Revenue for the fourth quarter is projected to be approximately $9.0 million, cost of goods sold is projected to be approximately $1.5 million and operating expenses are projected to be between $5.0 million and $6.0 million. Ligand expects its operations to be profitable and cash-flow positive for the fourth quarter.

The company currently expects to finish 2011 with more than $15 million in cash, cash-equivalents, short-term and restricted investments.

Third Quarter and Recent Partner Highlights

  • Ligand collaborator GlaxoSmithKline released data from the Promacta (eltrombopag) Phase III ENABLE trials in patients with hepatitis C-related thrombocytopenia. The data, presented by Dr.

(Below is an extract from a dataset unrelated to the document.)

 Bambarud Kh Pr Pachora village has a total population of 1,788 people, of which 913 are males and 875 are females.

Nezam Afdhal at the American Association for the Study of Liver Diseases (AASLD) Annual Meeting in San Francisco on Monday, September 7, showed that both trials successfully met their primary endpoint of sustained viral response (SVR) with statistical significance. Full data analysis is ongoing and will be presented at an upcoming scientific conference.

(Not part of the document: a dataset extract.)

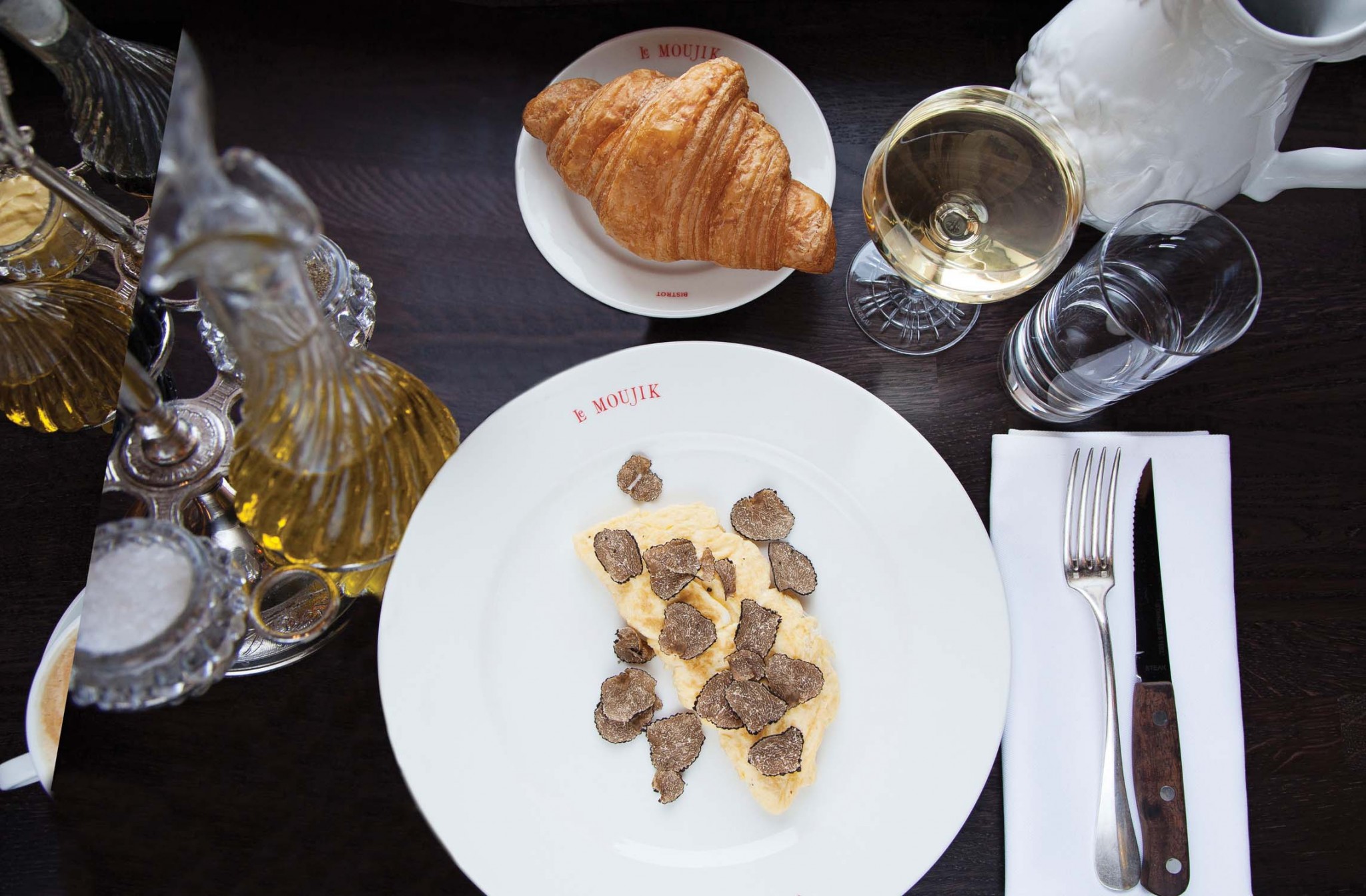 В Le Moujik во французском стиле с вкраплениями русскости в виде глиняных плошек для каш предлагают свежеиспеченные багеты, круассаны и крок-месье (жаль, не собственного производства) и четыре сета с завтраками: несколько простых — с овсянкой, гранолой, яйцами бенедикт и один великосветский — омлет с черным трюфелем и икрой (разумеется, черной) под бокал игристого гран крю. Здесь два зала: первый — бар с высокими столиками и винами как от небольших семейных хозяйств, так и из шато премьер и гран крю под артишоки, паштеты, устрицы и оливки; второй — ресторан с меню в духе французской классики. Утиную грудку жарят с персиками; ножку ягненка подают с чечевицей и готовят беф бургиньон — тушенную в красном вине говядину. Главный на кухне — Руслан Агейченко, который со всем французским на короткой ноге: повар десять лет шефствовал в Entree у Никольского собора, открывал филиал на Бакунина, стажировался во французских гастрошколах на тему фуа-гра и моллюсков и работал в петербургских заведениях Real Authentic Wine. За антиквариат, картины и скульптуру бульдога в честь собачек Ива Сен-Лорана отвечает легендарный Михаил Бархин, c которым Эдуард Мурадян запускал и «Москву», и «Коровабар», и камерный «ЕМ».

  • Ligand hosted a panel discussion following the AASLD meeting to review the ENABLE data with two ENABLE Principal Investigators and prominent thought leaders in the areas of hepatology and thrombocytopenia; Drs. Nezam Afdhal M.D. (Chief of Hepatology, Beth Israel Deaconess Medical Center) and Edoardo Giannini M.D. (University of Genoa, Italy). A transcript of the event will be available on the Ligand website as of November 9 (please visit www.ligand.com).
  • Ligand partner Onyx Pharmaceuticals announced submission of the carfilzomib New Drug Application (NDA) in September. Onyx is seeking accelerated approval for carfilzomib in 2012.
  • Ligand entered into a global licensing agreement with Chiva Pharmaceuticals for Fablyn (lasofoxifene), a selective estrogen receptor modulator (SERM) that was approved in the European Union (EU) in 2009 for the treatment of osteoporosis in post-menopausal women at increased risk of fracture.
  • Ligand and Sage Pharmaceuticals entered into a platform Captisol license agreement to support development of Sage's novel therapeutics for the treatment of CNS disorders.
  • Ligand earned a $500,000 milestone payment from a high-profile pharmaceutical company for an undisclosed Captisol-enabled® program.
  • Ligand partner Pfizer presented new Phase III safety data for Aprela (bazedoxifene + PREMARIN®) for the treatment of menopausal symptoms at the 22nd annual meeting of the North American Menopause Society (NAMS) in September in Washington, D.C.
  • Ligand announced data from preclinical studies on its Interleukin-1 Receptor Associated Kinase-4 (IRAK4) program in an oral presentation at the 2011 Annual Scientific Meeting of the American College of Rheumatology and the Association of Rheumatology Health Professionals (ACR/ARHP) in November in Chicago.
  • Ligand partner Merck received orphan designation for dinaciclib for the treatment of chronic lymphocytic leukemia.
  • Ligand partner Celgene received orphan designation for tanzisertib (CC-930) for the treatment of idiopathic pulmonary fibrosis. In addition, tanzisertib received a positive opinion for orphan drug status from the EU Committee for Orphan Medicinal Products (COMP).
  • Ligand partner Chiva Pharmaceuticals was recognized as one of the "Most Promising" presenting companies by the BioBay Investor Forum in China.